As Baidu launches innovative AI services, data volumes are skyrocketing. To reduce costs, increase efficiency and meet data compliance requirements, the company engaged IBM to replace legacy disk storage for cold data with a new solution based on IBM® TS4500 Tape Libraries and IBM Storage Scale software.
From autonomous vehicles to AI to the internet of things (IoT), Baidu is on the cutting edge of digital innovation. In addition to delivering China’s largest internet search engine, the company’s strategy includes self-driving, Baidu AI Cloud, Baidu Netdisk, and video streaming platforms.
Miao Yu, Senior Manager of the Cloud Storage Department at Baidu AI Cloud, explains: “As more industries upgrade their digital capabilities, our aim is to provide cloud products to customers in industries such as transportation, finance and government. Through the cloud and intelligence capabilities of Baidu AI Cloud, we can help companies unlock cost-efficiencies and create new sources of value.”
Across the Baidu platform, data is growing rapidly in volume, velocity and variety. The booming popularity of the company’s Baidu AI Cloud and AI offerings has triggered a massive rise in storage requirements. At the same time, uptake of Baidu’s smart city, smart home and vehicle automation solutions is rising sharply, further increasing the need for real-time data access and long-term data retention.
“Our data growth shows no sign of slowing,” continues Miao Yu. “The latest autonomous vehicles are equipped with far more sensors than their predecessors, and the amount of data generated per vehicle can be as high as 10 TB per day. Similarly, the fast growth of the smart home category and the widespread popularity of livestreaming in China all bring huge amounts of data, leading to storage challenges. Since 2019, our data volumes have more than tripled, and we now store approximately 100 exabytes [EB] of data.”
In the past, Baidu relied on disk storage for long-term data retention. However, its disks had a maximum capacity of 20 TB per drive, limiting storage density, consuming valuable floorspace and increasing costs. Recognizing that this approach was not optimal, Baidu looked for a more resilient, efficient and scalable cold data storage platform that could accommodate continued data growth.
Enables savings of >90% of power-consumption by replacing disks with tapes for cold data storage
Cuts operational costs for cold data by > 80%, compared to previous disk storage platform
To meet its customers’ needs for unlimited data scaling, Baidu AI Cloud engaged experts from IBM to plan, design, deploy and configure a future-ready cold data storage architecture that consists of IBM TS4500 Tape Libraries and the IBM Storage Scale and IBM Storage Defender solutions.

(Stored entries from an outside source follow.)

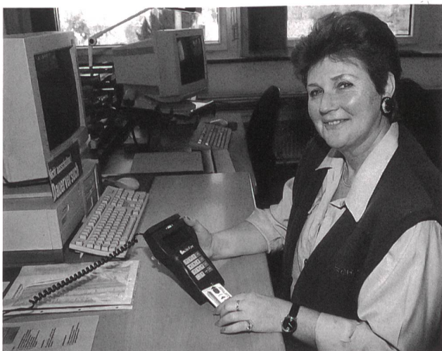
An der Zahlstelle wird der Wert der gewünschten Menge Strom auf die Chipkarte geladen.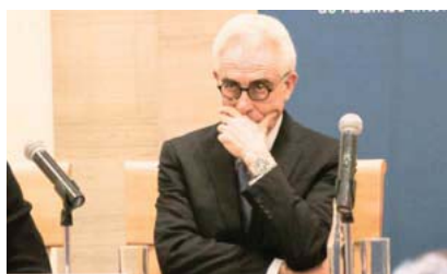
Foro virtual "Perspectivas económicas y el futuro de la tecnología en AI"

cuantos, en deuda pública con el Fobaproa, una deuda de tres billones de pesos, la deuda de los banqueros y de algunos empresarios, lo convirtió en deuda de todo el pueblo de México", indicó. López Obrador afirmó que en la gestión de Zedillo no se logró nada bueno para México, mientras cuestionó: "¿Qué otra cosa hizo? No voy a hablar de Acteal o de la represión en las comunidades indígenas" y añadió que Zedillo fue el que privatizó los ferrocarriles nacionales, el que acabó con los trenes de pasajeros, toda la historia del ferrocarril la derrumbó. Desde el primer ferrocarril que hubo en México y acusó que privatizó dos empresas y luego de eso, "tuvo el descaro de que cuando terminó su gobierno se fue a una de esas empresas", reprochó. Este viernes se publicó que el ex presidente de México y catedrático de Yale, Ernesto Zedillo, afirmó que la región de Latinoamérica sufre de gobernantes populistas e ineptos, los cuales en algunos casos han obstaculizado el crecimiento o desarrollo social y económico. Al participar en el foro virtual "Perspectivas económicas y el futuro de la tecnología en Latinoamérica", organizado por la consultora NTT Data, Zedillo aseguró que las brechas que atorán el desarrollo, y que también empeoraron a causa del Covid-19, podrán subsanarse con estrategias y políticas debidamente consensuadas en las sociedades.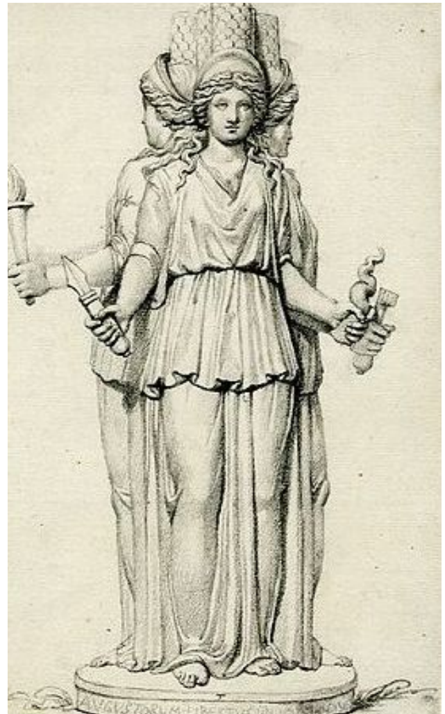
Fig.5 Hécate triple https://upload.wikimedia.org/wikipedia/commons/5/5d/Hecate.jpg cropped the british museum Unknown author public domain Creado el: 9 de octubre de 2014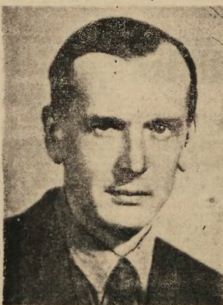
Jan Šverma, sekretarz CK KPC, zmarł w czasie powstania na Słowacji 7-go listopada 1944 roku.

Za łapówkę słowa przejść do was chciałem przez cienie Kłmnowym piśmem gałęzi zima piśala oredzie. I zgawroniałe smutkiem rymy ciężko pomknęły za martwymi Puzony sądu brzmijcie, szalbiertwo mandolin milcz zawrotność mroku! mnie gniecie rozdartej ziemi głąb. Pod jakim sztandarem się bić Wolności wicher nie chce wolności wicher nie chce żadnego już rozwichrzyć. A wszystkie moje słowa ten wiatr ścigają moje beznadziejne słowa ze skrzydłami nadziei. Gdy wiersz obejrzał się co wiersz zobaczył wiersz mój, ta żona Lota że oniemiał skamieniał milczeniem się omołał. Co wiersz zobaczył? Zastępy sprawiedliwych których Bóg nie słyszał („Torso nadeję”)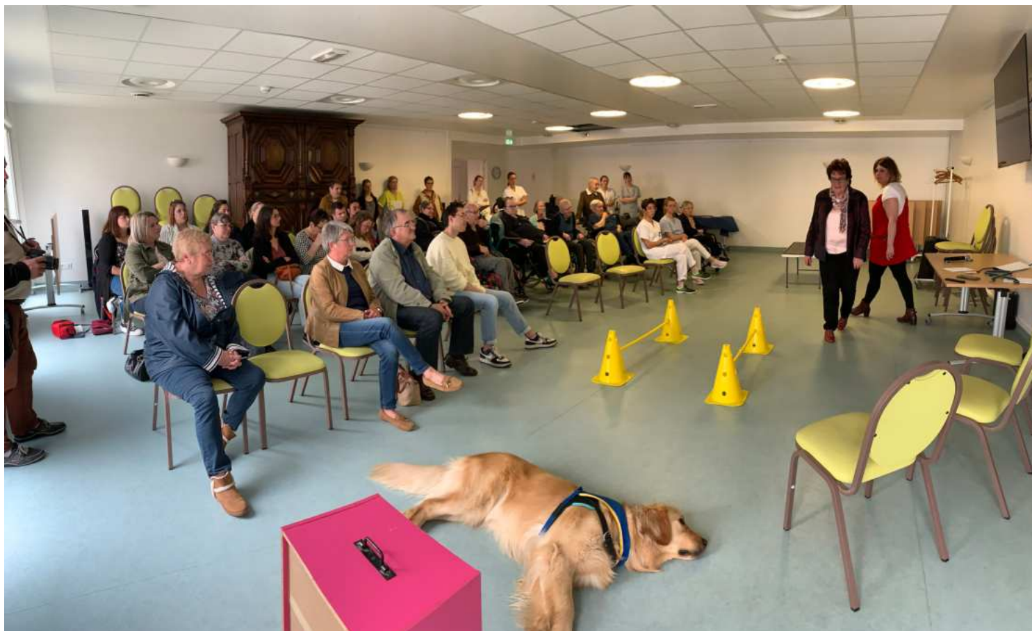
Présentation du dispositif Handi'Chiens EHPAD Paul Poirier de Granville

“Different types of data use scenarios put different demands on our storage system,” explains Miao Yu. “For example, high-performance computing workloads require high throughput and low-latency read and write access. For other use scenarios, such as storing log files generated by our monitoring systems, we must be able to retrieve data rapidly even if years have passed since it was stored. We looked for a cold storage solution with greater cost-efficiency, high IOPS and 24x7 availability—and IBM delivered.”
The IBM solution integrates with Baidu AI Cloud’s existing distributed storage architecture. IBM TS4500 Tape Libraries for cold data storage are used with legacy solid-state drives for hot data and hard-disk drives for warm storage. Data moves seamlessly across the tiered storage system, enabling high-performance access. What’s more, tapes can be retained for over 30 years at a much lower cost than disks.

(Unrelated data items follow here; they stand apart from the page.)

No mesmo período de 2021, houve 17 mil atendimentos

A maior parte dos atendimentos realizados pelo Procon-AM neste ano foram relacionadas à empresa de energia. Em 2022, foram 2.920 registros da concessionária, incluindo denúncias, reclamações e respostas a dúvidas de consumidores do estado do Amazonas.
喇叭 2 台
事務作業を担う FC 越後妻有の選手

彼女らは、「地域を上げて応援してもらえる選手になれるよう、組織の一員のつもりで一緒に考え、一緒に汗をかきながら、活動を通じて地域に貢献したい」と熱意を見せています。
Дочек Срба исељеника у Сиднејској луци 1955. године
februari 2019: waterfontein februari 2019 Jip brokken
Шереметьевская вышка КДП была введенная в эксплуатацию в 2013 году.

“We were impressed with the IBM solution,” says Miao Yu. “With IBM Storage Scale, we can let data flow freely across our environment, while at the same time simplifying our storage architecture for easier management and maintenance.”

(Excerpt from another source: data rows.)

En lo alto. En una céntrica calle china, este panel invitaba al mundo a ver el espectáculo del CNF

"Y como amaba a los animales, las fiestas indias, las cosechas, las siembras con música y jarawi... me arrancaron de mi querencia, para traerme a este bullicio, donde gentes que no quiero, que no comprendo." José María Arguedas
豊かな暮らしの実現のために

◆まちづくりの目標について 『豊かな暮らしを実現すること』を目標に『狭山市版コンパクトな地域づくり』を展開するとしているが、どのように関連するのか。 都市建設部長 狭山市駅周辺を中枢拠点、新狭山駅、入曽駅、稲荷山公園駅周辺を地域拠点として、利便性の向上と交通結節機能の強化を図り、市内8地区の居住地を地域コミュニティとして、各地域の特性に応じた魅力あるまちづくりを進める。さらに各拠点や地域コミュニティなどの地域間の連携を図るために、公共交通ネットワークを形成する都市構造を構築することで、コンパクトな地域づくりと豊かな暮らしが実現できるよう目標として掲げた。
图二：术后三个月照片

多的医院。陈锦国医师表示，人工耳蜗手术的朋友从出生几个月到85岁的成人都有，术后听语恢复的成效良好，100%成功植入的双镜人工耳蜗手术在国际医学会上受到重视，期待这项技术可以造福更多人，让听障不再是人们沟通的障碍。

To ensure that the new platform met Baidu AI Cloud’s long-term requirements for scalability, IBM experts created automated deployment workflows. These allow 20 cold storage nodes to be provisioned in a single batch, significantly accelerating both deployment and expansion.
IBM also helped Baidu better adapt and integrate data from the IBM tape storage solution with its own platform, enabling Baidu to rapidly identify and resolve issues and bring the solution online. To date, Baidu has deployed 14 IBM TS4500 Tape Libraries at its Yangquan data center, storing more than 2 EB of cold data.
Miao Yu elaborates: “IBM met and exceeded all our core selection criteria, and after a successful proof of concept we were certain that IBM TS4500 Tape Libraries with IBM Storage solutions would be the perfect way to solve the cost and space pressures we faced around disk storage. We have a long and successful history of collaboration with IBM on other projects, and this gave us the confidence that IBM has the technical innovation and services to address the challenges of deploying a large-scale storage solution.”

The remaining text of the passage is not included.